* **Problem details**
Your job is to transcribe all the records that follow, excluding any pictures.

....................

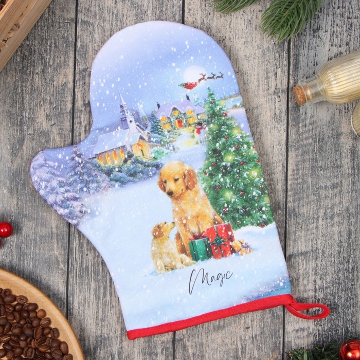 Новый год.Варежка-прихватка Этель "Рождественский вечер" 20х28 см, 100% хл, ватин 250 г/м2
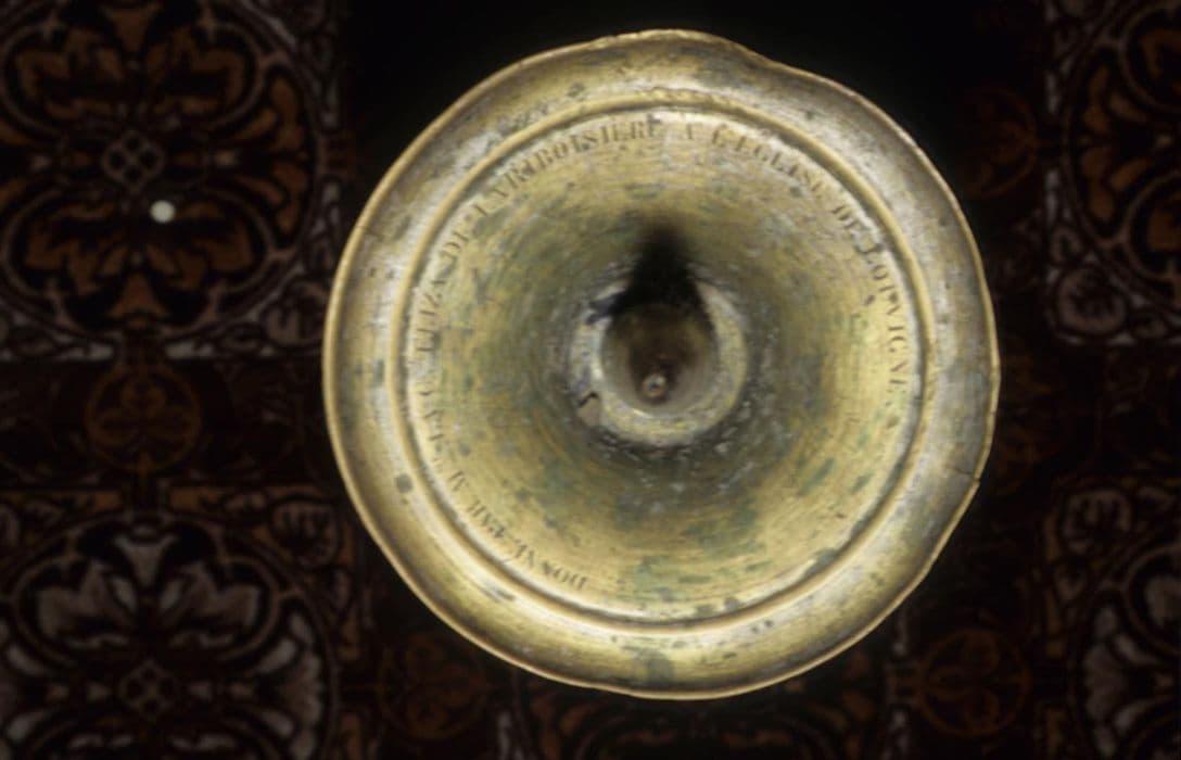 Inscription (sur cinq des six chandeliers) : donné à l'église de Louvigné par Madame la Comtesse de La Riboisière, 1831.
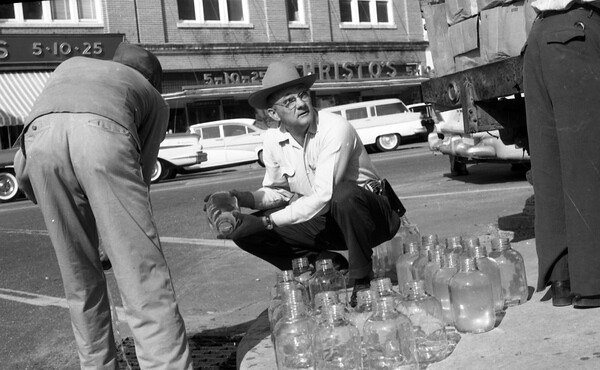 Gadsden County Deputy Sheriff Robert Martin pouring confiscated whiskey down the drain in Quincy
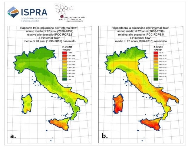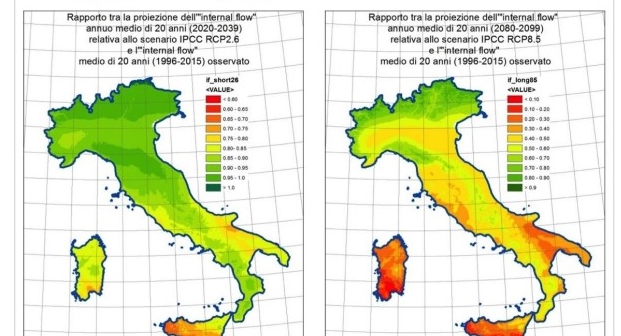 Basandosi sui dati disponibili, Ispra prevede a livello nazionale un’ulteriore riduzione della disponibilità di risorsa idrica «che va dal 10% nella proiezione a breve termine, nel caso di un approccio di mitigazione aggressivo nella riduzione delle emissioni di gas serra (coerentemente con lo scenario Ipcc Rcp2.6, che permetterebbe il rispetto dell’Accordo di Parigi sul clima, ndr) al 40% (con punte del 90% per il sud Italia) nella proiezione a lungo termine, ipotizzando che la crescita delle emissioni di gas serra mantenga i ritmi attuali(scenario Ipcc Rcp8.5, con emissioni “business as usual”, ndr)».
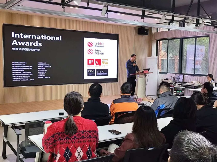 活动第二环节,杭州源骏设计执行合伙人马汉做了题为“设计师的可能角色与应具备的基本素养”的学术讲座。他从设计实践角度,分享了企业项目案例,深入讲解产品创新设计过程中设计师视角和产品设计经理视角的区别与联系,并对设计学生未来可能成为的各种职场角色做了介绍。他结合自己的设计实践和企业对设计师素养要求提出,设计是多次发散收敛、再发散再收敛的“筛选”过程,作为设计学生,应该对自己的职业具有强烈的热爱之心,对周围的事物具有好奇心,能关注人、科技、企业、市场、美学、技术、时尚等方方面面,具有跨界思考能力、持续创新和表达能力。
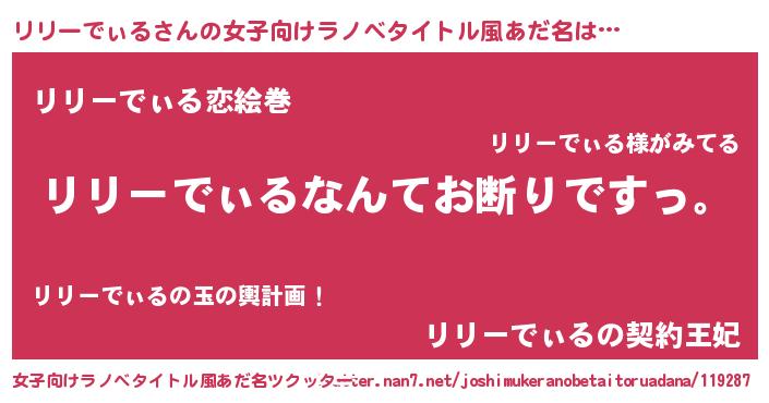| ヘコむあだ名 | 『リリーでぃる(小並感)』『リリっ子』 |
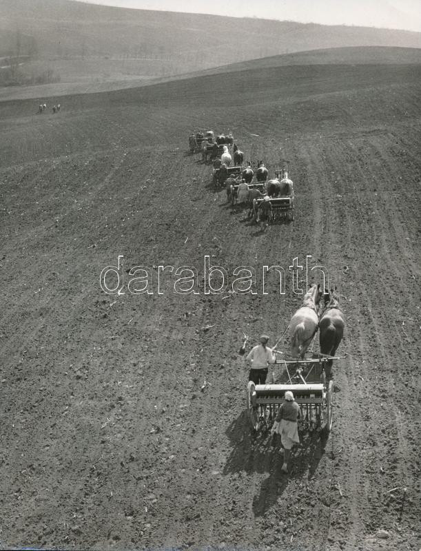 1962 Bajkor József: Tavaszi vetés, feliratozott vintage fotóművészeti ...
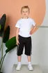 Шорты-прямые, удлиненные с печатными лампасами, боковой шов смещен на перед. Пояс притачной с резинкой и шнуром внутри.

....................

* **Solution to the problem**
 Новый год.Варежка-прихватка Этель "Рождественский вечер" 20х28 см, 100% хл, ватин 250 г/м2
 Inscription (sur cinq des six chandeliers) : donné à l'église de Louvigné par Madame la Comtesse de La Riboisière, 1831.
 Gadsden County Deputy Sheriff Robert Martin pouring confiscated whiskey down the drain in Quincy
 Basandosi sui dati disponibili, Ispra prevede a livello nazionale un’ulteriore riduzione della disponibilità di risorsa idrica «che va dal 10% nella proiezione a breve termine, nel caso di un approccio di mitigazione aggressivo nella riduzione delle emissioni di gas serra (coerentemente con lo scenario Ipcc Rcp2.6, che permetterebbe il rispetto dell’Accordo di Parigi sul clima, ndr) al 40% (con punte del 90% per il sud Italia) nella proiezione a lungo termine, ipotizzando che la crescita delle emissioni di gas serra mantenga i ritmi attuali(scenario Ipcc Rcp8.5, con emissioni “business as usual”, ndr)».
 活动第二环节,杭州源骏设计执行合伙人马汉做了题为“设计师的可能角色与应具备的基本素养”的学术讲座。他从设计实践角度,分享了企业项目案例,深入讲解产品创新设计过程中设计师视角和产品设计经理视角的区别与联系,并对设计学生未来可能成为的各种职场角色做了介绍。他结合自己的设计实践和企业对设计师素养要求提出,设计是多次发散收敛、再发散再收敛的“筛选”过程,作为设计学生,应该对自己的职业具有强烈的热爱之心,对周围的事物具有好奇心,能关注人、科技、企业、市场、美学、技术、时尚等方方面面,具有跨界思考能力、持续创新和表达能力。
| ヘコむあだ名 | 『リリーでぃる(小並感)』『リリっ子』 |
 1962 Bajkor József: Tavaszi vetés, feliratozott vintage fotóművészeti ...
 Шорты-прямые, удлиненные с печатными лампасами, боковой шов смещен на перед. Пояс притачной с резинкой и шнуром внутри.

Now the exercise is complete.